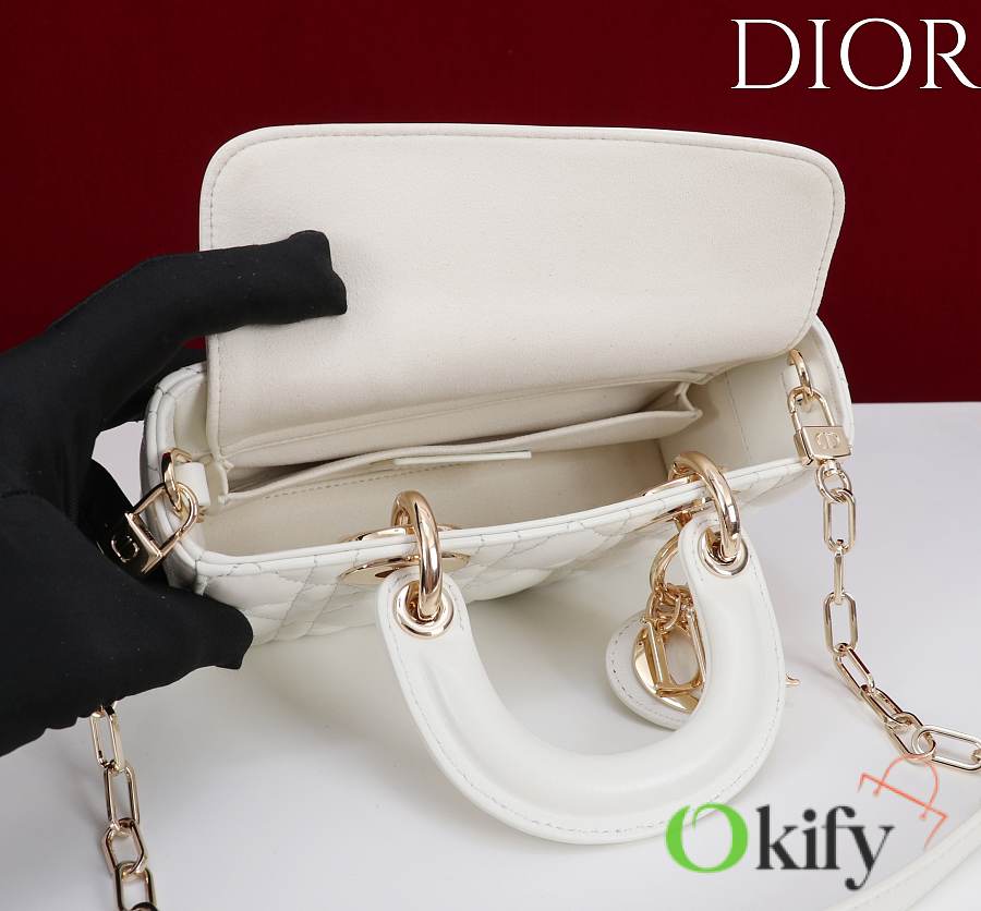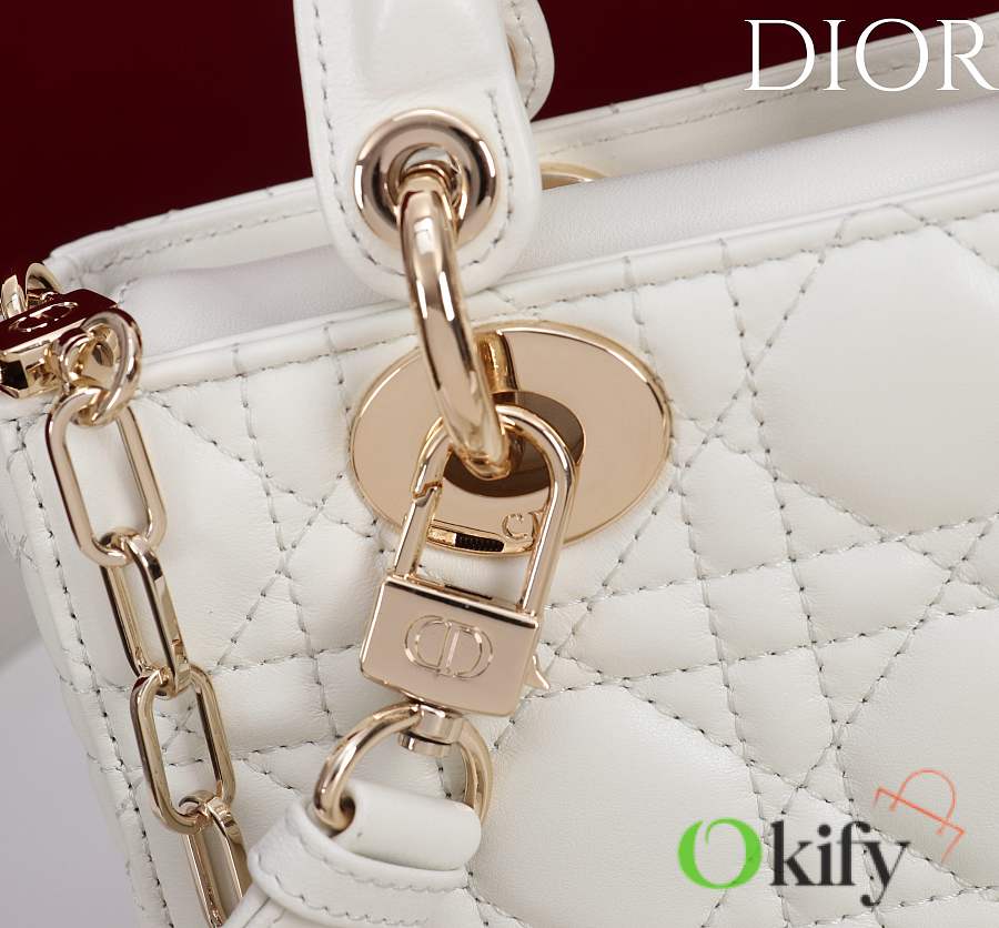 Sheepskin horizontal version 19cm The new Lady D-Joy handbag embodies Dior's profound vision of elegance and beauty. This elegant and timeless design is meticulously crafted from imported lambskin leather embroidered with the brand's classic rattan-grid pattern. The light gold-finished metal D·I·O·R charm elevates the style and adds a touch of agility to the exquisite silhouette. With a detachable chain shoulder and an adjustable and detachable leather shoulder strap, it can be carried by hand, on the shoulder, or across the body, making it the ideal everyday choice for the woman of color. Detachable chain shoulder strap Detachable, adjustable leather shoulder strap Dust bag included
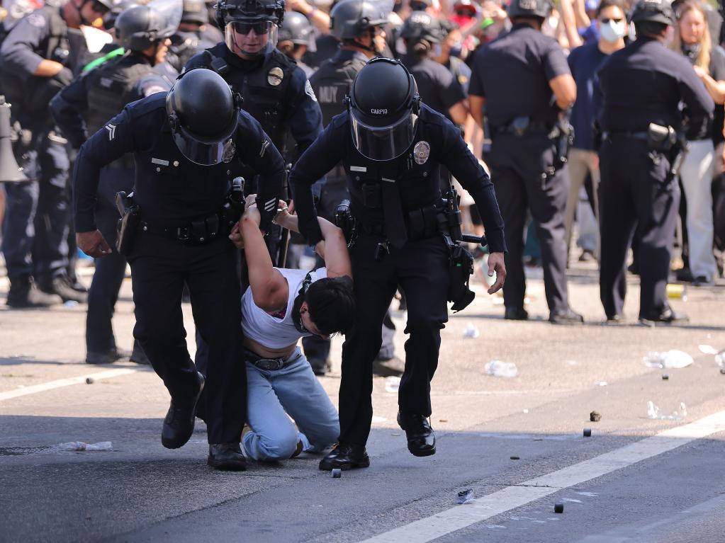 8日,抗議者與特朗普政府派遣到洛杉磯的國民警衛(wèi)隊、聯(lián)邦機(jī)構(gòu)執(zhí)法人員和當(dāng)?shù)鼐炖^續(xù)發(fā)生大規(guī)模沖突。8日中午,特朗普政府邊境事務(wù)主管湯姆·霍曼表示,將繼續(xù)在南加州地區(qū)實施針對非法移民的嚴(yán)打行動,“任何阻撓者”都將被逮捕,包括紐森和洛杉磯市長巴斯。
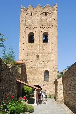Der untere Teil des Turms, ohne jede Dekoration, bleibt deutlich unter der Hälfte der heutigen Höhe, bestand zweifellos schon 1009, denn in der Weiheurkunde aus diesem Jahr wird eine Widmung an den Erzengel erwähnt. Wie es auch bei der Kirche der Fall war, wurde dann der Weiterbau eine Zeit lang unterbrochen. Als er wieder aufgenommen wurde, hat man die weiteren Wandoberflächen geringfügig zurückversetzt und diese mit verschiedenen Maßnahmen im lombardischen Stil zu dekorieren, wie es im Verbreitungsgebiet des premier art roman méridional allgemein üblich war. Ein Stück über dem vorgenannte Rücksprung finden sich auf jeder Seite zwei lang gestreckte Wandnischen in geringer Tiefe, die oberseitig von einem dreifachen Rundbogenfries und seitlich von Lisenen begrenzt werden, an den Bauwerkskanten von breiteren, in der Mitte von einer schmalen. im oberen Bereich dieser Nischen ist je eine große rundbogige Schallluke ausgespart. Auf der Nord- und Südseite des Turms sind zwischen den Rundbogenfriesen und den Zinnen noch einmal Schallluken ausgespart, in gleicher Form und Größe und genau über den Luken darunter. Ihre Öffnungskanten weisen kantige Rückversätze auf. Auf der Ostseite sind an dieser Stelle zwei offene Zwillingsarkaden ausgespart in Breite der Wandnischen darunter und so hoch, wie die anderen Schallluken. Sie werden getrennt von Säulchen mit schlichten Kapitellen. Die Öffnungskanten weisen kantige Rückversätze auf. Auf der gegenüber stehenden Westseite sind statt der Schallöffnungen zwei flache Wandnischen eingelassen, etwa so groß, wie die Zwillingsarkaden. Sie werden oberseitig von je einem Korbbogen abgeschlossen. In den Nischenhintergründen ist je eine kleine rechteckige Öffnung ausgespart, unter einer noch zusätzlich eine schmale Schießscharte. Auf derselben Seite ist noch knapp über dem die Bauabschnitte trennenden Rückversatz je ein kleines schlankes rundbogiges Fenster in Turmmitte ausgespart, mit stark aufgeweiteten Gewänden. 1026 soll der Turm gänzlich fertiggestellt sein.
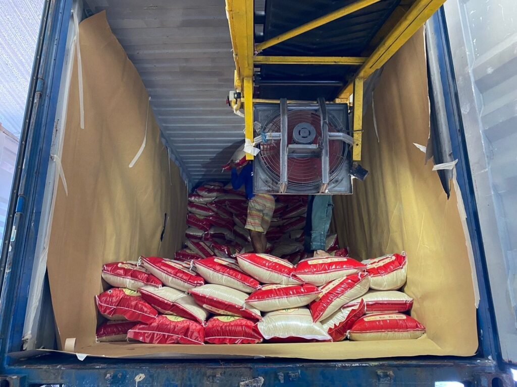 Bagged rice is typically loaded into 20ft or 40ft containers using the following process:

▬▬▬▬▬▬▬▬▬▬

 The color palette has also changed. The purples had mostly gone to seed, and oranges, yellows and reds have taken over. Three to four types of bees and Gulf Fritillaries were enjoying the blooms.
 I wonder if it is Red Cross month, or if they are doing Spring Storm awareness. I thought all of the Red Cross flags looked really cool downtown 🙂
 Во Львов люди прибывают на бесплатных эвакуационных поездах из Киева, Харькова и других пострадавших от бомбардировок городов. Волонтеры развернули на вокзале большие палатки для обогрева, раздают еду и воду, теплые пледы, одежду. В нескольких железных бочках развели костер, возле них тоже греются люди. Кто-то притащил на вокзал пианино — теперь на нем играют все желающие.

▬▬▬▬▬▬▬▬▬▬

Problem to solve: Restate word for word the lines of the data above that begin at the line with "Sheepskin horizontal version" and end at the line with "8日,抗議者與特朗普政府派遣", keeping both ends and dropping every picture.

Task output:
 Sheepskin horizontal version 19cm The new Lady D-Joy handbag embodies Dior's profound vision of elegance and beauty. This elegant and timeless design is meticulously crafted from imported lambskin leather embroidered with the brand's classic rattan-grid pattern. The light gold-finished metal D·I·O·R charm elevates the style and adds a touch of agility to the exquisite silhouette. With a detachable chain shoulder and an adjustable and detachable leather shoulder strap, it can be carried by hand, on the shoulder, or across the body, making it the ideal everyday choice for the woman of color. Detachable chain shoulder strap Detachable, adjustable leather shoulder strap Dust bag included
 8日,抗議者與特朗普政府派遣到洛杉磯的國民警衛(wèi)隊、聯(lián)邦機(jī)構(gòu)執(zhí)法人員和當(dāng)?shù)鼐炖^續(xù)發(fā)生大規(guī)模沖突。8日中午,特朗普政府邊境事務(wù)主管湯姆·霍曼表示,將繼續(xù)在南加州地區(qū)實施針對非法移民的嚴(yán)打行動,“任何阻撓者”都將被逮捕,包括紐森和洛杉磯市長巴斯。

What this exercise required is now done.